Assalamu’alaikum Sahabat fillah Kewajiban para suami dalam rangka menafkahi keluarganya memiliki koridor yang jelas, di mana terdapat syarat yang harus di tunaikan olehnya. Syarat tersebut adalah hendaknya seorang suami memberikan nafkah kepada istri dan anaknya dengan nafkah yang halal dan baik, serta menjauhkan yang haram dan menghindari yang syubhat.

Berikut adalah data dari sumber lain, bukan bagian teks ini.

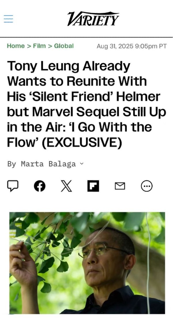 在今年威尼斯电影节首映前,《寂静的朋友》主演梁朝伟接受《综艺》采访:“我很想再和导演伊尔蒂科合作”。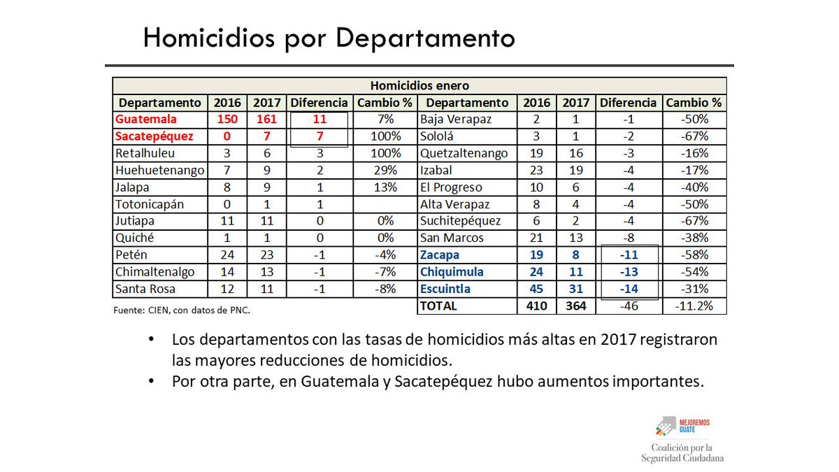 Donde hubo mayor homicidios el año pasado, en enero 2018 hubo una mayor reducción. Observe los departamentos resaltados en azul #SeguridadGT:pic.twitter.com/6mKfAN3q3c

Allah Ta’ala memperingatkan dalam firman-Nya,
“Dan makanlah dari apa yang Allah rezekikan kepadamu berupa makanan yang halal dan baik..”Al-Maidah : 88
Makanan merupakan salah satu perwujudan nafkah suami. Allah menghendaki hamba-Nya memakan makanan yang halal dan baik, sama halnya dengan Dia menghendaki kaum muslimin menafkahi keluarganya dengan nafkah yang halal dan baik. Hal yang demikian akan membuat nafkah yang diusahakan oleh suami menjadi penuh berkah.
Keberkahan dari sebuah nafkah, setidaknya dapat ditentukan oleh tiga hal.
1. Niat Ikhlas Karena Allah.
Ia melakukannya semata-mata sebagai wujud dari ketaatannya menunaikan perintah Allah dan menjauhi larangan-Nya. Ia teringat sebuah hadist, “Amal itu bergantung pada niat,” sehingga ia menjadikan niatnya kerana Allah, bukan karena selain-Nya. Bukan karena keterpaksaan, dan bukan pula karena hendak mengejar dunia.
2. Mencari Nafkah Yang Halal.
Ia tak mencari suatu nafkah kecuali hal itu halal bagi dirinya dan keluarganya. Ia berusaha menghindari nafkah yang haram kerana yang diterima Allah adalah nafkah yang halal. Kehalalan nafkah suami setidaknya harus memenuhi tiga syarat, yaitu halal kerana dzatnya memang dihalalkan oleh Allah dan Rasul-Nya, halal cara mendapatkan dan dipergunakan pada yang halal.
Suami harus berhati-hati terhadap nafkah yang haram kerana hal itu dapat mengotori niat, menghalangi diterimanya ibadah dan doa serta mengantarkan pelakunya pada kesesatan. Bahkan, nafkah yang haram tak dapat diterima meskipun ia dibelanjakan pada jalan ketaatan. Sufyan Ats Tsauri radhiyallahu’anhu berkata, “Barangsiapa yang menafkahkan hartanya yang haram dalam ketaatan, ia seperti orang yang mencuci pakaiannya yang kotor dengan air kencing.”
3. Menafkahi Dengan Yang Halal Dan Juga Baik
Dalam memenuhi nafkah keluarganya, disamping ia mencari nafkah yang halal, juga mensyaratkan nafkah tersebut adalah nafkah yang baik. Halal belum tentu baik, sedangkan baik juga belum tentu halal.
Contohnya, makanan. Gula adalah makanan yang halal, tetapi tak baik jika dikonsumsi oleh seorang yang menderita diabetes. Atau, nasi lengkap dengan lauk dan sayurnya adalah makanan yang baik, tetapi karena ia mendapatkannya dengan cara mencuri, maka makanan itu tak halal. Kerana itu, Allah memerintahkan kepada kita agar memakan makanan yang halal sekaligus baik.
Nafkah yang diusahakan oleh suami dengan niat karena Allah, halal dan baik akan dipenuhi dengan keberkahan. Tubuh kita menjadi tubuh yang penuh dengan keberkahan, begitu pula rumah kita. Dengan demikian, In syaa’ Allah kebahagiaan hidup akan dirasakan oleh setiap anggota keluarga. Tak hanya kebahagiaan hidup di dunia, tetapi juga di akhirat. Aamiin
Semoga bermanfaat. Wassalamu’alaikum.